HELU is leading a collective response to fight back.
HELU’s purpose–and unique capacity in this moment–is to connect local organizing to larger regional, state, and national formations. When we multiply and amplify our individual efforts, we can see that organizing to win labor justice is also organizing to win our democracy. Holding higher ed employers accountable for providing health insurance for part-time faculty, for example, as HELU members are coming together to do, means making college teaching a more secure and viable career, which means part-time faculty can exercise their voices fearlessly within and beyond their colleges and universities.
When the Debt Collective asked HELU to participate in one final push for student debt cancellation in the last week of the Biden presidency, our National Coordinated Organizing Committee sprang into action. Co-chairs Bret Benjamin and Anke Wolbert quickly brought together 15 unions and advocacy organizations representing more than 100,000 education workers to urge debt relief for borrowers over the age of 50 and borrowers from for-profit schools. HELU passed this structure test with flying colors, demonstrating that we can act nimbly to coordinate solidarity on an issue of high priority to our member unions.

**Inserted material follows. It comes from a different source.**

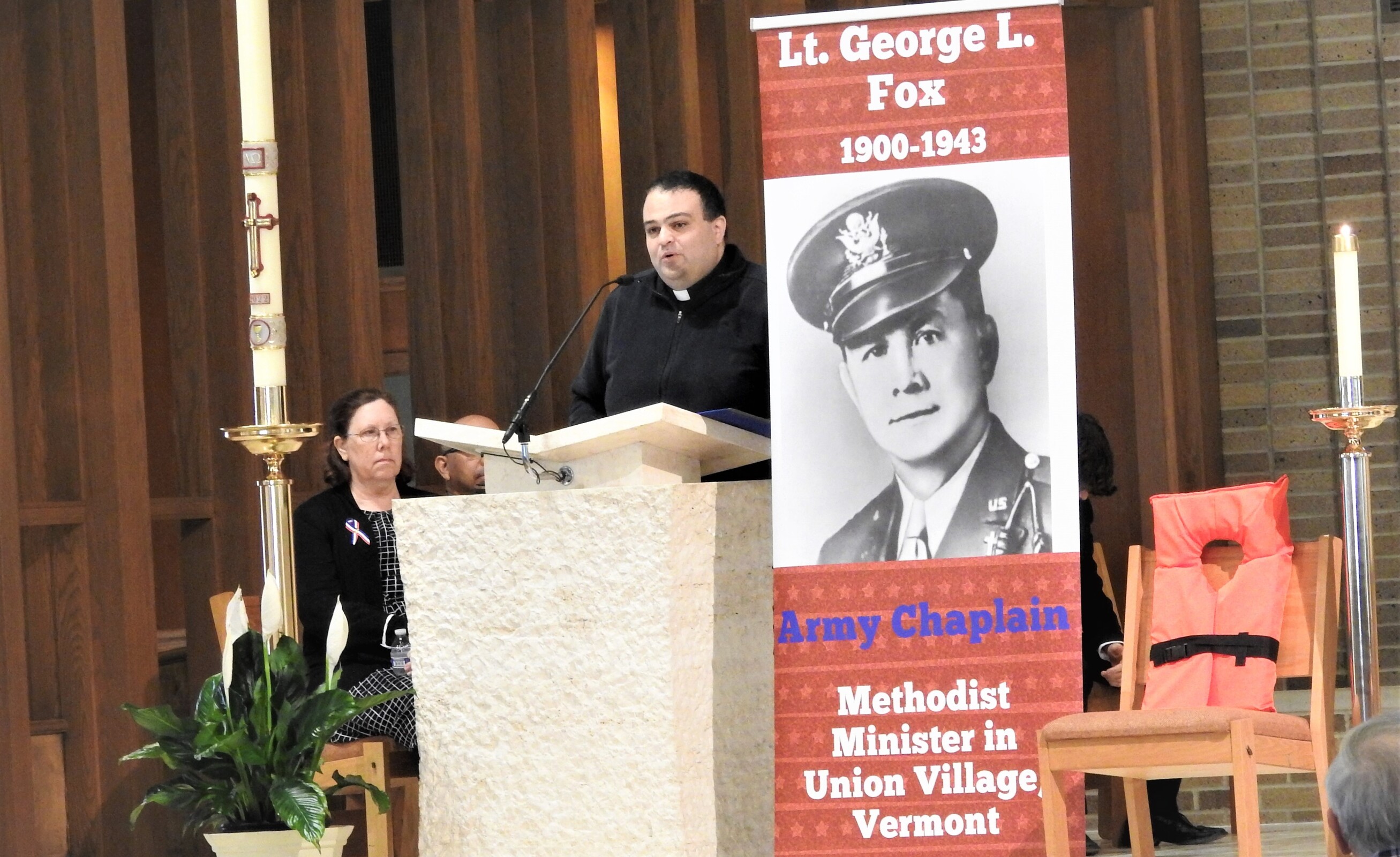 The ceremony took place in the church. Four large banners, each bearing the name, photo and religious affiliation of a chaplain, were displayed in front of the church. Next to each banner was a chair with a life jacket, a somber reminder of the sacrifice made by the chaplains.

That efficacy was possible because debt cancellation has been the goal of incredibly smart and sustained strategic campaigns. Those student debt campaigns didn’t start with HELU, and they didn’t happen overnight. Now HELU is in a position to launch similar campaigns so that in the future we can mobilize with even greater power across public and private institutions, across job titles and classifications, and across different geographic regions. Higher education is the site of massive political struggle, and higher ed labor has got to be the vanguard of the movement.
This winter and spring, HELU activists are leading workshops in six states to develop platforms, advance coalitions, and share concrete, tested strategies for winning political change. I hope your union will join these opportunities so we can connect with and fortify each other. At a moment when we could go quiet and dark, we must choose to build up and out.